I voted for the train to go off the edge. The reason for me in choosing this option was because if I was stuck on the track instead of the little girl and the lever was right next to me, out of all honesty I dont think I would be able to pull the lever to save the 200 people. Call me selfish but the time given to me to make such an decision would not be enough to fight my own powerful instinct of survival.

So I empathised with the little girl and thought that the option to save the 200 people would be at her discretion, after all shes on a track the train never had any intension of going through. And so with the discretion belonging to the little girl I have no right pulling the lever even if she chose to save the people because shes also a minor.

How would people vote if they were stuck under the track and had the oppertunity to save the people on the train by pulling the lever and killing themselves, would you do it?
 
I'm not good at these hypotheticals. The only thing I know for certain is when the moment comes, I'd be able to make a decision, and afterword tell you what I did and contemplate whether it was right or not.

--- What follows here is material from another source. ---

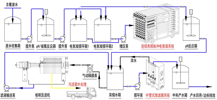 综合废水包含经过预处理的含铬、含氰、高COD废水和其它生产的污水,经过TMF系统处理,后接纳滤系统和离子交换系统,直接回用或深度处理回用。

After code's queery, I was sent a video which showed the very same thing...and at the end it was a marketing tool, proslytizing for Jesus...he pulled the lever.

I felt used. I just don't like games like that I suppose.
 
I'm not good at these hypotheticals. The only thing I know for certain is when the moment comes, I'd be able to make a decision, and afterword tell you what I did and contemplate whether it was right or not.

Since you are there afterwards to tell you have already told us ;)

I would like to think I'd choose my own death over 200 others... but it would be difficult to pull it in that pinch I would imagine.... who knows?
 
How would people vote if they were stuck under the track and had the oppertunity to save the people on the train by pulling the lever and killing themselves, would you do it?

If I were stuck "under" the track, I'd let the train pass over me, climb out of the hole I was in, dust myself off and go on with my day.
 
I hate "lifeboat" questions. They are inevitably tragic, and at root unresolvable (at least in my ethical system). They invite "answers" in ways that say nothing about the non-lifeboat issues of day to day life.

E.g., one might be tempted to answer the OP question in a utilitarian fashion, but this wouldn't mean that utilitarianism necessarily applies to day-to-day ethical concerns. And you might never encounter a true lifeboat dilemma in your entire life.

I consider such questions a virtual dead end in ethics, at best having value only to a military commander in wartime, or of course to people in lifeboats.

That said...

How would people vote if they were stuck under the track and had the oppertunity to save the people on the train by pulling the lever and killing themselves, would you do it?

I don't think I can give an abstract answer to this question. "It all depends on everything" is my best answer. I'd have to be in that situation to know how I would react and justify (or regret) my actions. I would, for instance, have to ask myself "would I be able to live with myself at the expense of all of those lives?" I would probably not have enough time to think to be sure of my choice in the situation.

The principle that I would most likely fall back on is to preserve my self-respect and even my mental health, or to die if this was impossible. Yes, this is an egoistic principles, but then I am an ethical egoist of a sort.


eudaimonia,

Mark
 
Since you are there afterwards to tell you have already told us ;)
Namaste Tao,

Yeah, I wasn't thinking about that, Freudian answer? Anywho, still don't know how I'd react. And I suppose if I'd made the other decision, it could be I'd have to wait a little longer to tell you.